__EXERCISE AIM__
The response should be the lines of the data, starting at the first and ending at the one that contains "2021年全年,益达娱乐研发", copied without change.

--- STORED DATA ---

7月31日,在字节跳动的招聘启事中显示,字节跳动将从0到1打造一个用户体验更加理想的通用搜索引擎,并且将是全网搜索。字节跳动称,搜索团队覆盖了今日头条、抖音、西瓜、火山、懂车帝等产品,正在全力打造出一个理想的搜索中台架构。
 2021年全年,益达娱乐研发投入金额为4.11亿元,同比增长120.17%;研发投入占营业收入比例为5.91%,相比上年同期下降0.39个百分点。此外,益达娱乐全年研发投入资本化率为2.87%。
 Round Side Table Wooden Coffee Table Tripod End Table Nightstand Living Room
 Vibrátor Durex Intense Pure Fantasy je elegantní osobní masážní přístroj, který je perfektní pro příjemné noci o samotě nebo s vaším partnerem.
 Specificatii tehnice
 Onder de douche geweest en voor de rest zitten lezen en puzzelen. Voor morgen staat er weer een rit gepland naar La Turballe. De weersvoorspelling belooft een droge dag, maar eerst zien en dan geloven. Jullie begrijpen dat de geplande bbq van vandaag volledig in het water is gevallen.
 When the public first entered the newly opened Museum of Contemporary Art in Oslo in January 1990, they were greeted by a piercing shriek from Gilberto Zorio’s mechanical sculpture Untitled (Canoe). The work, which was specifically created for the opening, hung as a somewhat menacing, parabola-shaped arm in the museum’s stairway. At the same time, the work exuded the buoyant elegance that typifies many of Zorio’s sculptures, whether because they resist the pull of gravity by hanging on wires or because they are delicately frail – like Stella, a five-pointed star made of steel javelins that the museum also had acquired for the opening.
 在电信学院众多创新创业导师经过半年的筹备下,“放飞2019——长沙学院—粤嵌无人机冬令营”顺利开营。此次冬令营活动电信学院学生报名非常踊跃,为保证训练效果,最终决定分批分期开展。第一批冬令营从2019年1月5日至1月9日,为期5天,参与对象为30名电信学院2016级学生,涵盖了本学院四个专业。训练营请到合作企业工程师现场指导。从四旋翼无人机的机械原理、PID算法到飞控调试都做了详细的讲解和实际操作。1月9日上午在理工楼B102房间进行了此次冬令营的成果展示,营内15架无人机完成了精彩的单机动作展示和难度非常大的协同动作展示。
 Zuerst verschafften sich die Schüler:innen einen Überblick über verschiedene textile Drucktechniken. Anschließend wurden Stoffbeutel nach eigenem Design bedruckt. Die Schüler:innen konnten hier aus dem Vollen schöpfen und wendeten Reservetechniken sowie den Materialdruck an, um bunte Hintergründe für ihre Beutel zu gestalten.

---

__EXERCISE RESPONSE__
7月31日,在字节跳动的招聘启事中显示,字节跳动将从0到1打造一个用户体验更加理想的通用搜索引擎,并且将是全网搜索。字节跳动称,搜索团队覆盖了今日头条、抖音、西瓜、火山、懂车帝等产品,正在全力打造出一个理想的搜索中台架构。
 2021年全年,益达娱乐研发投入金额为4.11亿元,同比增长120.17%;研发投入占营业收入比例为5.91%,相比上年同期下降0.39个百分点。此外,益达娱乐全年研发投入资本化率为2.87%。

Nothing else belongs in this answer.